**TASK GOAL:**
Where the word "style" occurs in a line of the data, return the whole line.

#####

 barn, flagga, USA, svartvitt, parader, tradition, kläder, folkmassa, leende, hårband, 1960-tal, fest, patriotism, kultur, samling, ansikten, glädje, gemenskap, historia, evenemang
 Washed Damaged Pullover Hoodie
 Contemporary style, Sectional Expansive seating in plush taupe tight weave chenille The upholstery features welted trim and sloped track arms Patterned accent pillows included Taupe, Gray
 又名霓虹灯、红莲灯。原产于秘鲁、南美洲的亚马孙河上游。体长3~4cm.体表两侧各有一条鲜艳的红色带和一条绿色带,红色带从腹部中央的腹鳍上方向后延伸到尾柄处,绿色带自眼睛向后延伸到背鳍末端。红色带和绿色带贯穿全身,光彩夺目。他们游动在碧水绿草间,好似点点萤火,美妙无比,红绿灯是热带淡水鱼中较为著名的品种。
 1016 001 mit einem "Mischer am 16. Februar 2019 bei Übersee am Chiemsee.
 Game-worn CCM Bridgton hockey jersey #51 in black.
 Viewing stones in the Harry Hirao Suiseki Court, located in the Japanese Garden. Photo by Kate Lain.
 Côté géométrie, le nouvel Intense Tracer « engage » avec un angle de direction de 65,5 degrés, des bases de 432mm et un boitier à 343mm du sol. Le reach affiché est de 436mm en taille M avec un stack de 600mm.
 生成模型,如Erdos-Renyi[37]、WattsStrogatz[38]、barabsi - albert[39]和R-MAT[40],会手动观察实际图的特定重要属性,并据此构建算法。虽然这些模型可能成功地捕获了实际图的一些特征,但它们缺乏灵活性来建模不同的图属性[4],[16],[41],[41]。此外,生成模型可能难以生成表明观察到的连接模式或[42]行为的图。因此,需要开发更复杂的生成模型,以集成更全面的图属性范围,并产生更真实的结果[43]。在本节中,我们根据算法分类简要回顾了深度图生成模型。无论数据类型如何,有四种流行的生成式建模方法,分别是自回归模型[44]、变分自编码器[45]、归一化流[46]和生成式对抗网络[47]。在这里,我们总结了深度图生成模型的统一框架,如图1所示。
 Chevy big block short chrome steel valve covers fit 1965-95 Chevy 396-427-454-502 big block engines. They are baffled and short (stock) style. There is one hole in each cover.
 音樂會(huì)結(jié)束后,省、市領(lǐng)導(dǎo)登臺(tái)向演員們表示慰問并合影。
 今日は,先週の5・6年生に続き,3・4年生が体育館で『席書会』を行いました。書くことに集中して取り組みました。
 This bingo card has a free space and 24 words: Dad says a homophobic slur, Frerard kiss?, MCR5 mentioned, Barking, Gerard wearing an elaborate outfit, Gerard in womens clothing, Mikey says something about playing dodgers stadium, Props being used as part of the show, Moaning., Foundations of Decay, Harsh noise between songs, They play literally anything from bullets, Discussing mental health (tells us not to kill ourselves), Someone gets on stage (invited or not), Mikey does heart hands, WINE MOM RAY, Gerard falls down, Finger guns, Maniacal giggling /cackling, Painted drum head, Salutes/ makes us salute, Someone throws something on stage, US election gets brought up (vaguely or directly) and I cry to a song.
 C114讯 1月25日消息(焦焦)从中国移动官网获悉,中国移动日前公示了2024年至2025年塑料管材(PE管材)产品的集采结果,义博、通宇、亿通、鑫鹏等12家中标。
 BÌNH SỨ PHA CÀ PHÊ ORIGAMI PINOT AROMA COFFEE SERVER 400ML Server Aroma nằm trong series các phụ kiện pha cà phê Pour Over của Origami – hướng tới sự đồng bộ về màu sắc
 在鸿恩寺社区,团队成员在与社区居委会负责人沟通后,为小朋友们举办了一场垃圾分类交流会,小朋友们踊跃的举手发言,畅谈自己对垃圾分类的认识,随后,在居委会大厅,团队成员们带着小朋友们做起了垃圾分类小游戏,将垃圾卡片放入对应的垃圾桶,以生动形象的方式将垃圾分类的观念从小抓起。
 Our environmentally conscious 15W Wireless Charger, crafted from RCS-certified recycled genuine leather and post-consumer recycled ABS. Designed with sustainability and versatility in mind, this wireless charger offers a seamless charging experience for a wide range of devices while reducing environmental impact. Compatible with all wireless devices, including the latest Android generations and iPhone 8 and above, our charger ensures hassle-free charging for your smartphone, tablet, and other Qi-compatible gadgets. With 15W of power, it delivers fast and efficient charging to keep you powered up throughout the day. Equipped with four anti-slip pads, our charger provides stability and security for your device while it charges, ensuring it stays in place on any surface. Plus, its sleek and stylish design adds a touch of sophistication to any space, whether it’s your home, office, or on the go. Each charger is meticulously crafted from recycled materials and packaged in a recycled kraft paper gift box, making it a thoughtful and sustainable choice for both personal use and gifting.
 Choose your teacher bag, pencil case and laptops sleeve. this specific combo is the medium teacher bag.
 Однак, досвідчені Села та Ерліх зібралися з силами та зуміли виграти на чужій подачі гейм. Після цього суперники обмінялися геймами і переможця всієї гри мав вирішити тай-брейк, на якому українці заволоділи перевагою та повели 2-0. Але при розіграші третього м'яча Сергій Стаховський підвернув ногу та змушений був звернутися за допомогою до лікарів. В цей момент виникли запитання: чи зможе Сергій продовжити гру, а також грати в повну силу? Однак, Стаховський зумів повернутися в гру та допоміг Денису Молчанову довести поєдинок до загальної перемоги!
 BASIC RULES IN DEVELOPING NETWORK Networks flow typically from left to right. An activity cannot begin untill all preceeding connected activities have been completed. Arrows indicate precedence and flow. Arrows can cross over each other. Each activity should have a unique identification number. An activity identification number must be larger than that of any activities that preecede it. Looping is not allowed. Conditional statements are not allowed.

#####

**RESPONSE AREA:**
 Contemporary style, Sectional Expansive seating in plush taupe tight weave chenille The upholstery features welted trim and sloped track arms Patterned accent pillows included Taupe, Gray
 Chevy big block short chrome steel valve covers fit 1965-95 Chevy 396-427-454-502 big block engines. They are baffled and short (stock) style. There is one hole in each cover.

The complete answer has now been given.